Tess-v2.5.2 (Qwen2-72B)

We've created Tess-v2.5.2, the latest state-of-the-art model in the Tess series of Large Language Models (LLMs). Tess, short for Tesoro (Treasure in Italian), is the flagship LLM series created by Migel Tissera. Tess-v2.5.2 brings significant improvements in reasoning capabilities, coding capabilities and mathematics. It is currently the #1 ranked open weight model when evaluated on MMLU (Massive Multitask Language Understanding). It scores higher than all other open weight models including Qwen2-72B-Instruct, Llama3-70B-Instruct, Mixtral-8x22B-Instruct and DBRX-Instruct. Further, when evaluated on MMLU, Tess-v2.5.2 (Qwen2-72B) model outperforms even the frontier closed models Gemini-1.0-Ultra, Gemini-1.5-Pro, Mistral-Large and Claude-3-Sonnet.

Tess-v2.5.2 (Qwen2-72B) was fine-tuned over the newly released Qwen2-72B base, using the Tess-v2.5 dataset that contain 300K samples spanning multiple topics, including business and management, marketing, history, social sciences, arts, STEM subjects and computer programming. This dataset was synthetically generated using the Sensei framework, using multiple frontier models such as GPT-4-Turbo, Claude-Opus and Mistral-Large.

The compute for this model was generously sponsored by KindoAI.

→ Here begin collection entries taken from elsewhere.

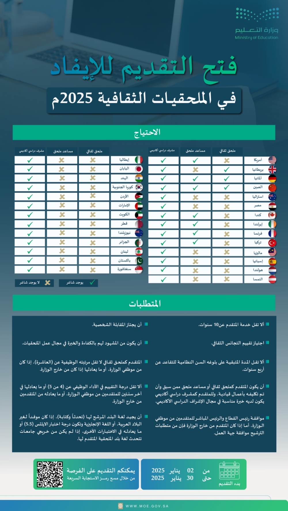 ويأتي هذا الإعلان لتلبية احتياجات الملحقات الثقافية في 27 دولة حول العالم ضمن وظائف تشمل مشرف دراسي أكاديمي ومساعد ملحق وملحق ثقافي.
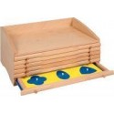Cabinet de géométrie. Le cabinet de géométrie est un meuble en hêtre massif composé de 6 tiroirs amovibles pouvant contenir chacun 6 plateaux puzzles avec au total 35 formes géométriques assorties en bois à encastrer : disques de diamètres croissants, triangles, polygones, quadrilatères, figures courbes. Ce matériel offre à l’enfant l’opportunité de faire des discriminations visuelles et tactiles de formes géométriques plus ou moins complexes. Dimensions du plateau puzzle: L. 14 x l. 14 cm. Dimensions du cabinet : L. 49 x l. 34 x H. 23 cm. Dès 3 ans.
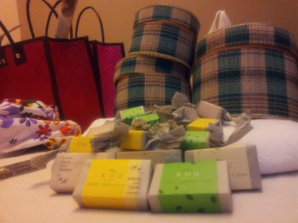 大的竹藤编织包包(rp100,000.Ubud market买),化妆包(rp51,000一套3个size,tanah lot oleh-oleh),左边花花的是裤子(4件sukawati买,rp120,000),9粒小肥皂,5粒大(kou,rp237,000)
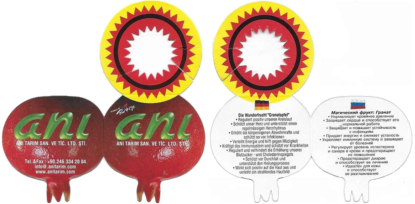Anı Tarım Meyve Gıda Turizm Nakliye Hayvancılık San. ve Tic. Ltd. Şti. Location: Serpil Village, 32502 Eğirdir, Isparta, Turkey Web: [https://www.anitarim.com.tr/en/] Brands: Ani (b/l); Ani Tarim (b/l, crt);
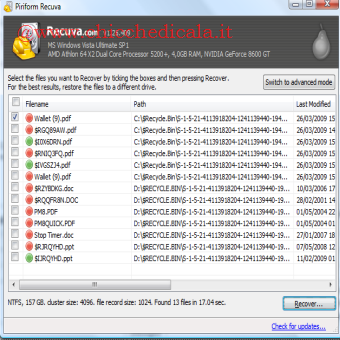 | Ecco che ha trovato tutti i file del tipo che abbiamo selezionato precedentemente. Selezioniamo quello che più ci interessa. | Clicchiamo su Recover , scegliamo la destinazione e finito. | |
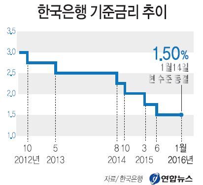 이로써 기준금리는 2014년 8월과 10월, 작년 3월과 6월에 각 0.25%포인트씩 총 1%포인트가 내린 뒤 7개월째 연 1.5% 수준에 머물게 됐다.
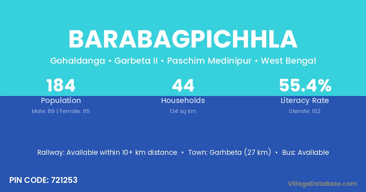 Garhbeta (27 km) is the nearest town to Barabagpichhla village for major economic activities and is located approximately 27 km away.
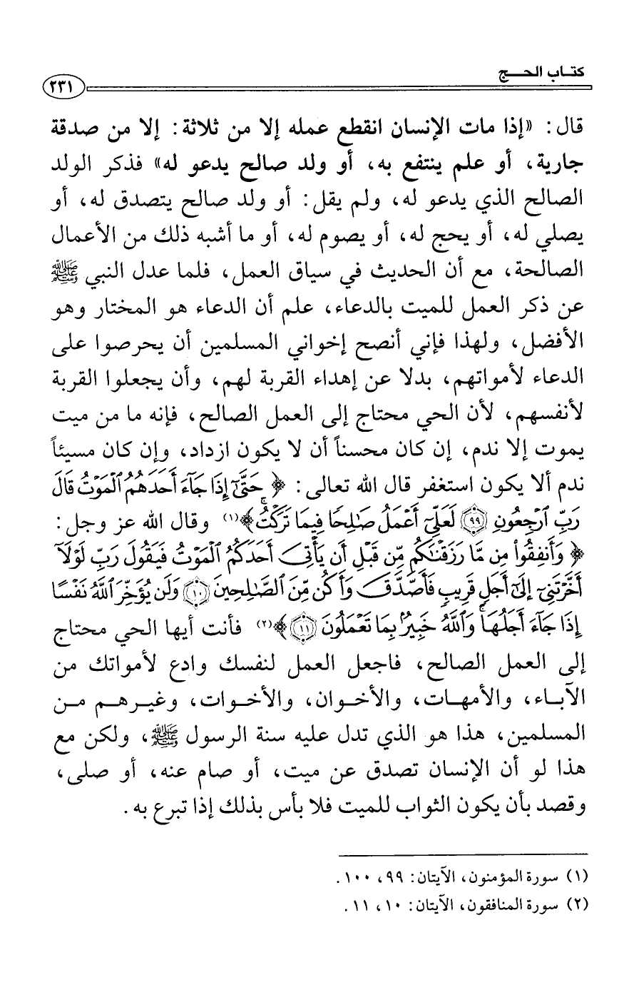(1) سورة المؤمنون، الآيتان: 99، 155.
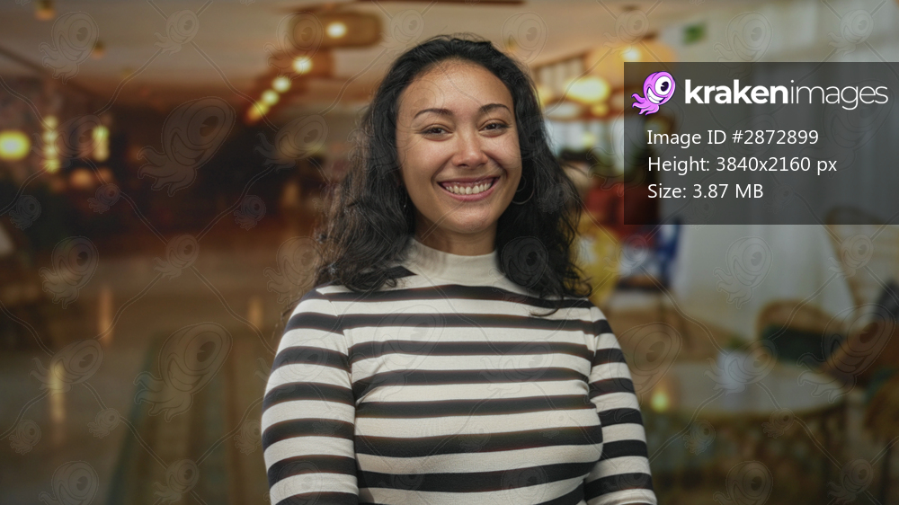 Woman smiling with face and head tilt, eyes closed, wearing striped top in hotel building lobby with warm lights and chairs; contentment ease.
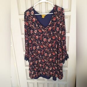Wrangler Dress SzL Junior Mini Navy Floral Print Lined Lace Trim Cuff Cute
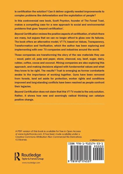 This book is free to download in PDF and EPub formats. Is certification the solution? Can it deliver urgently needed improvements to complex problems like deforestation and the exploitation of people? In this controversial new book, Scott Poynton, founder of The Forest Trust, makes a compelling case for a new approach to social and environmental problems that goes "beyond certification".Certification emerged from the 1992 Rio Earth Summit amidst great hope. Since then, despite a proliferation of certification schemes in twenty-five industry sectors, the destructive and irresponsible exploitation of natural and human resources has grown still worse. Beyond Certification reviews the positive aspects of certification, of which there are many, but argues that we can no longer afford to gloss over its failures. The book offers an alternative model, VT-TV, based on Values, Transparency, Transformation and Verification, which the author has been exploring and implementing with over 70 companies and industries around the world. These companies are transforming the story of the raw materials they use - wood, palm oil, pulp and paper, stone, charcoal, soy, beef, sugar, dairy, rubber, coffee, cocoa and coconut. Mining companies are also exploring this approach, making decisions aligned with fundamental values and what they know to be right.The results? Trust is emerging as former combatants awake to the importance of working together. Guns have been removed from forests, land set aside for protection, worker rights and conditions improved and long-standing conflicts have been resolved as people confront their legacies. Beyond Certification does not claim that this VT-TV model is the only solution. Rather, it shows how new and seemingly radical thinking can catalyze positive change. Included: the limits of roundtable certification illustrated with real, practical examples; the intricacies of the change process - how companies move from destructive to more responsible practices; how to implement more holistic, economically effective, durable systems to better protect people and the environment.
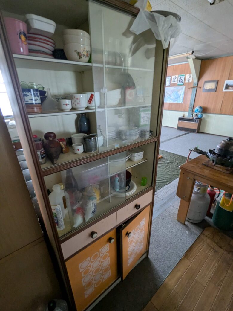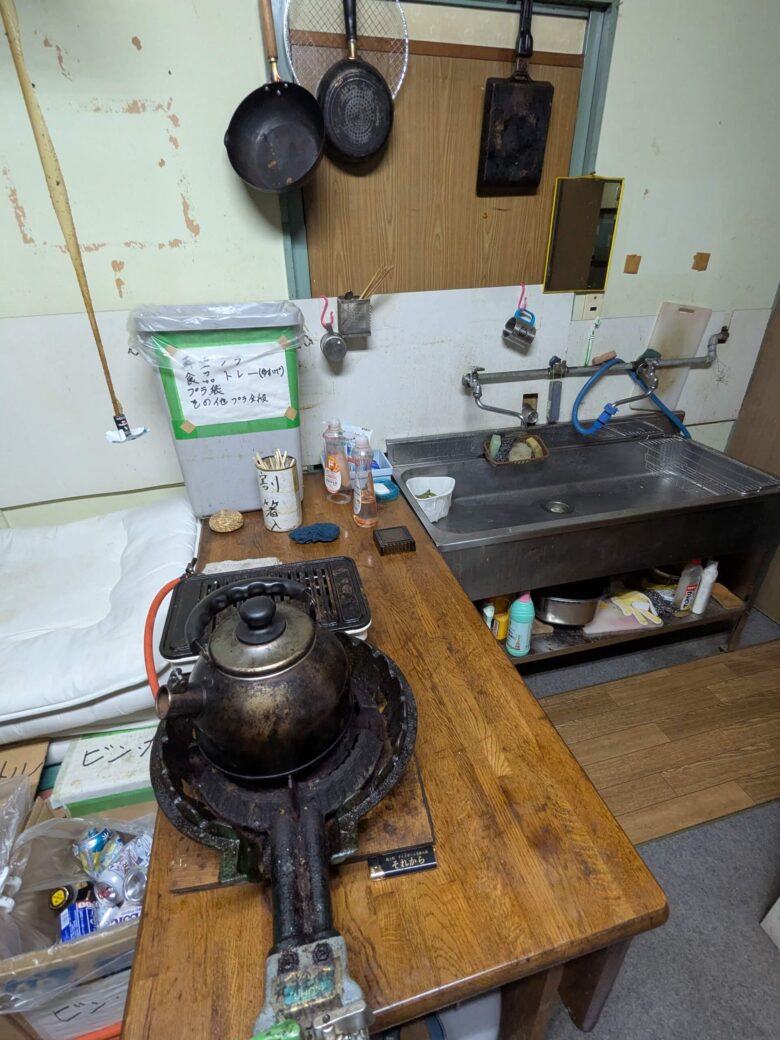 自炊設備: プロパンガスコンロ、大きな冷蔵庫、電子レンジ、電気ポットが
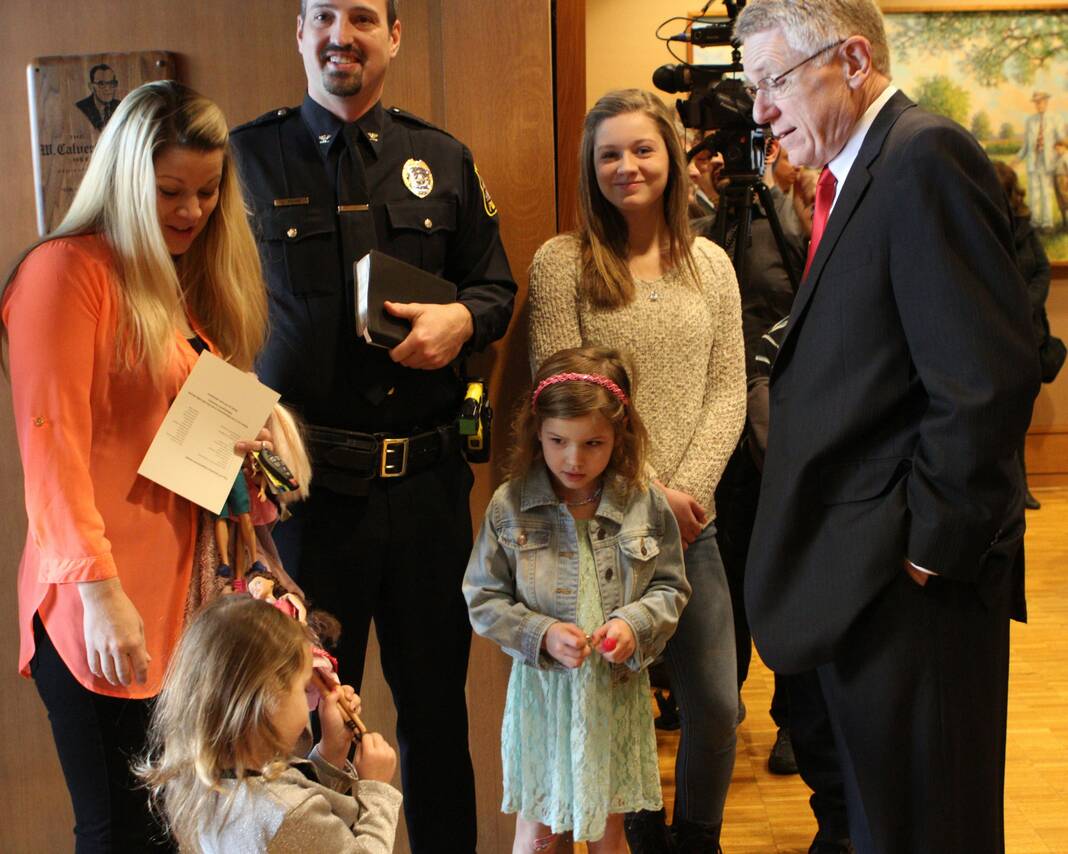 Emerson Rohde shows Mayor-elect Jim Lienhoop her Barbie doll before the Jan. 1, 2016, city of Columbus public officials’ swearing-in ceremony. Pictured, clockwise from bottom left, are Emerson Rohde, Sarah Rohde, Police Chief Jon Rohde, Falesha Rohde, Bailey Rohde and Jim Lienhoop.

When evaluated on a subset of AGIEval (Nous), this model compares very well with the godfather GPT-4-0314 model as well.

Training Process

Tess-v2.5.2 model was initiated with the base weights of Qwen2-72B. It was then fine-tuned with the Tess-v2.5 dataset, using Axolotl as the training framework. Most of Tess models follow a common fine-tuning methodology: low learning rates, low number of epochs, and uses very high quality and diverse data. This model was fine-tuned on a 4xA100 VM on Microsoft Azure for 4 days. The model has not been aligned with RLHF or DPO.

The author believes that model's capabilities seem to come primariliy from the pre-training process. This is the foundation for every fine-tune of Tess models, and preserving the entropy of the base models is of paramount to the author.

Sample code to run inference

Note that this model uses ChatML prompt format.

import torch, json
from transformers import AutoModelForCausalLM, AutoTokenizer
from stop_word import StopWordCriteria

model_path = "migtissera/Tess-v2.5.2-Qwen2-72B"
output_file_path = "/home/migel/conversations.jsonl"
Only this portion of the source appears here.